An A level answer to this is to refer you to the geodesic equations. This is unnecessary for the reason @Nugatory points out - the initial conditions are the same whether you drop the ball inside the train or out (assuming we're doing this in a vacuum so the wind of the train's passage can be ignored) and the laws of physics are the same so the result is the same.

I think the underlying assumption here is that there's something "different" about being inside the train because the train is moving. This isn't correct. The only relevant thing here is the motion of a body - in this case the ball. If it starts the experiment moving horizontally at 99% of the speed of light, its motion following that will be the same whether it is inside the train or outside.

Incidentally, if the ball falls for 1s and lands 1m along the platform, it is not doing 0.99c horizontally. More like a slow walking pace.

 

[jekozo]

No matter how you attack the problem, the trajectory of the ball will be the same whether it's dropped inside the train or outside (if we ignore air resistance, which may be different).

I was actually thinking more about time- how it will be different now for the two participants

 

[Ibix]

I was actually thinking more about time- how it will be different now for the two participants

As noted already, there is no difference between "passenger drops a ball" and "passenger sticks an arm out of the window and drops a ball", until the ball hits the floor. The passenger and trackside observer have different notions of "time", it is true, but this is true and unchanged in both experiments, and makes no difference to the ball anyway.

 

[sweet springs]

The only relevant thing here is the motion of a body - in this case the ball. If it starts the experiment moving horizontally at 99% of the speed of light, its motion following that will be the same whether it is inside the train or outside.

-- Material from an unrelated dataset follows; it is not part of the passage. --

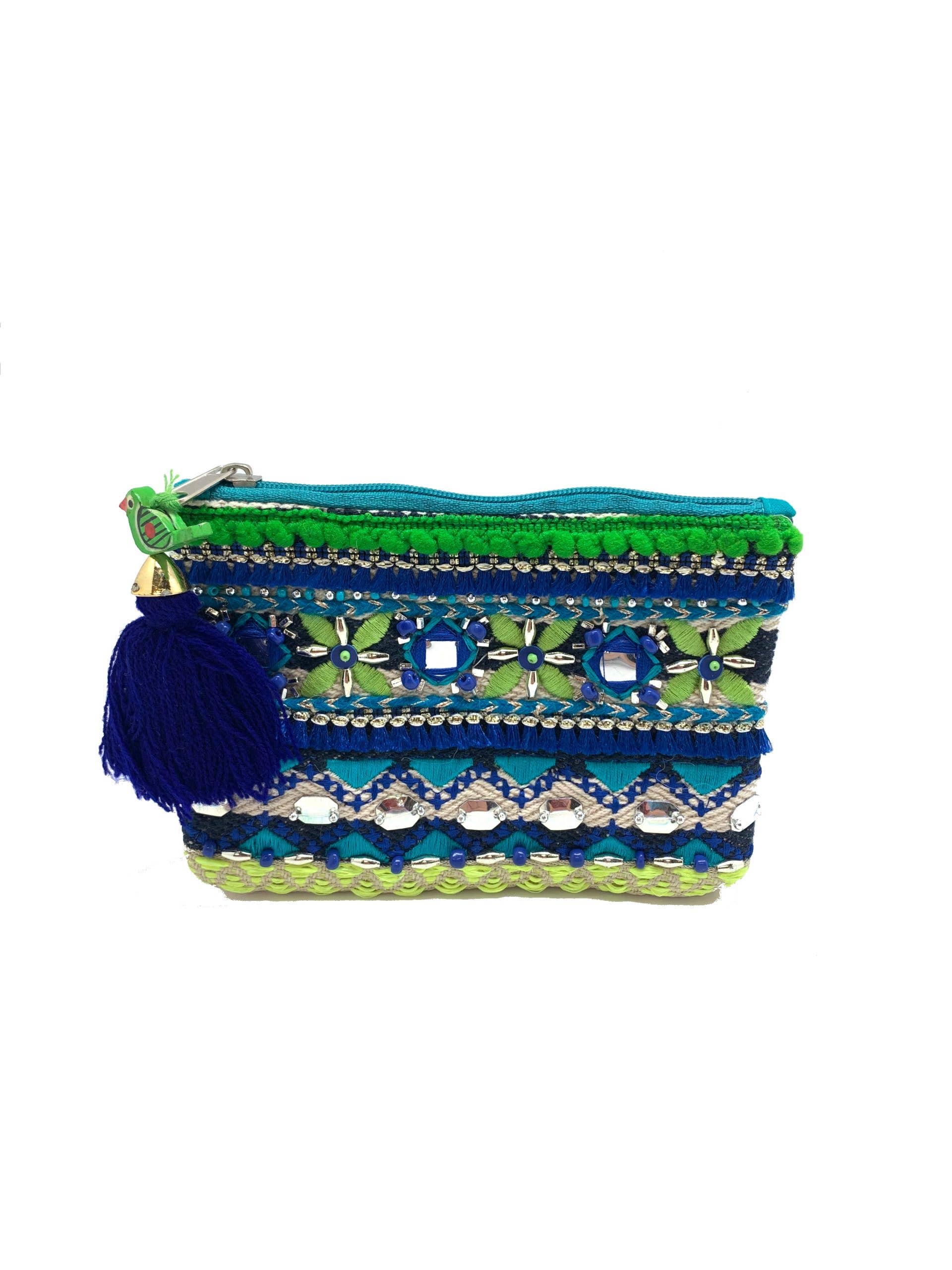 Multi Colored Embroidered Hearts Pouch

I was actually thinking more about time- how it will be different now for the two participants

In IFR of the train station let two balls start falling at the same time and the same place with initial vertical speed 0 and with horizontal speed each 0 and say 0.99c. Newtonian mechanics says they touch the station ground simultaneously. I would like to know how Relativity says.

 

[Ibix]

Newtonian mechanics says they touch the station ground simultaneously.

Only in the limit of a very, very large planet - it takes the ball half a second to fall a metre, so this planet has to be flat to very high precision over a distance of 150,000km for your result to apply.

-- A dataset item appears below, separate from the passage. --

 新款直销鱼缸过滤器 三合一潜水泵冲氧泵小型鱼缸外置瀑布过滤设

I would like to know how Relativity says.

I think you can do it in Schwarzschild coordinates by declaring the initial r coordinate of the ball to be $r_0$ and insisting that the "acceleration due to gravity" be $g$. That gives you a relationship between $r_0$ and $R_S$ that let's you eliminate the latter. Then you plug your initial conditions into the geodesic equations and consider the limit as $r_0\rightarrow\infty$, which is the case of a "sufficiently large" planet.

The maths appears to be messy.

 

[sweet springs]

Thanks.　　Gravity seems to break symmetry in translation of horizontal direction movement.

 

[Ibix]

Thanks.　　Gravity seems to break symmetry in translation of horizontal direction movement.

I'm not sure what you mean. Gravity defines what you mean by "horizontal". It's just that there's no easy way to describe a uniform field in GR, so you need to do something like the above to make a non-uniform field "uniform enough" to do your experiment.

 

[sweet springs]

Thanks. Well, train and station are often used in explaining SR. The systems are perfectly relative and have no privileges. Absolute rest has no meaning.
But gravity effect on each system in different way in general. GR breaks equity of system of relative motion in SR. Sometimes gravity may appoint a kind of absolute rest system against itself.

 

[Ibix]

That's not gravity breaking the symmetry, though. That's the fact that the planet is at rest with respect to either the station or the train, and which one it is matters for this scenario where it doesn't for the usual ones. It's possible to set up a Newtonian scenario where it makes no difference because you can pick one where the forces happen to be uniform and invariant. That's much harder to do in GR, not least because the stress-energy tensor of a moving body is not the same as that of a stationary one.

 

[pervect]

Hi guys,

I have read about these twins where one of them stayed on the Earth and the other traveled with a rocket. So I thought about the other case where a person stays on the trains station and the train is passing by with a near speed of light - if the guy in the train drops a ball on the table - it will fall for let say 1 sec and it will fall just vertically, while the guy one the station will see the ball falling at the same time but will fall let say a meter away.
So I thought - what if the guy on the train drops the ball outside the window - then what happens?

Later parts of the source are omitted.